Trading volumes in single-name corporate and financial CDS are trending lower. Financial CDS trading volumes remained stable until Q1 this year, dropped into Q2 and stayed broadly unchanged over Q3. Trading volumes in corporate CDS have actually been fairly stable over the past four quarters, having experienced a large drop heading into Q4 11.

Index trading volumes remain high. In particular, trading volumes in corporate CDS indices (iTraxx Main/Crossover/HiVol) have stayed at a very high level; even higher than the reference level of Q1 11. We find it very telling that, on a relative basis, trading activity in corporate CDS indices has picked up relative to the trading activity in the front month future of SX5E. Trading volumes in financial CDS indices are erratic, but have not seen the same decrease in trading volumes experienced in single-name CDS.

Why is this happening?

Correlation between names in credit indices is very high. One key feature of credit markets is the persistent high realized correlation (chart below). At the tights in the summer of 2011, correlation was low – just north of 40%. As spreads widened towards the end of summer, correlation spiked, reaching 75% in December 2011. Correlation has never retraced to anywhere near mid-2011 levels – in spite of spreads tightening and being range-bound in Q2 12.

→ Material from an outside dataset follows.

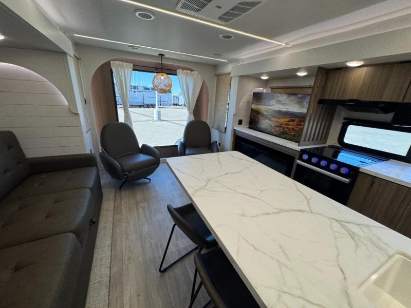 UNIQUE REAR LIVING / PICTURE WINDOW / CUSTOMS RECLINERS / VERSA TILT KING BED / 2 AC / SOLAR SYSTEM

High correlation is symptomatic of the current environment. In a market where investors’ ears are, more than ever, finely tuned to the statements of politicians and central banks and the tail outcomes for the market, it makes sense for correlation to be high – at this stage, there should be little distinction between individual names – trading the level of risk premia is the focus.

It makes sense that single-name trading volumes suffer while index volumes are high/unchanged. In a market with high correlation between names dominated by macro headlines, the need for trading single-name CDS (apart from sovereigns) as opposed to CDS indices is reduced, and this is clearly reflected in the trend in trading volumes shown in Figure 2 and Figure 3.

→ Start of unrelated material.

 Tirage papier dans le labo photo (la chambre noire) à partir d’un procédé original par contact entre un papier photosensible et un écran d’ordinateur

Trading Volumes In The Future

CDS index trading volumes are likely to remain high – both in absolute terms but also relative to single-name volumes as long as the uncertainty regarding the future for Spain/Italy (for example) remains at the forefront, and in turn the dominant driver of returns remains levels of risk premia.

Only in an environment with more distinction between individual credits – in a recession with reduced systemic fears, say, we would expect to see single-name trading volumes increase as hedging of individual exposures becomes more relevant.

So while the technical flows on the 2005-08 period maintained by The Great Securitization maintained single-name volumes (via hedging); this time we do not have that ‘hedging’ f tail risk concern since your friendly local central banker has disintermediated it (or at least in his tiny mind he has). The only way single-name CDS will re-emerge is if idiosyncratic risk is every allowed back into our lives and a good old fashioned recession will divide the haves from the have-nots in terms of real cash flow and not just imaginary vendor-financed revenue streams.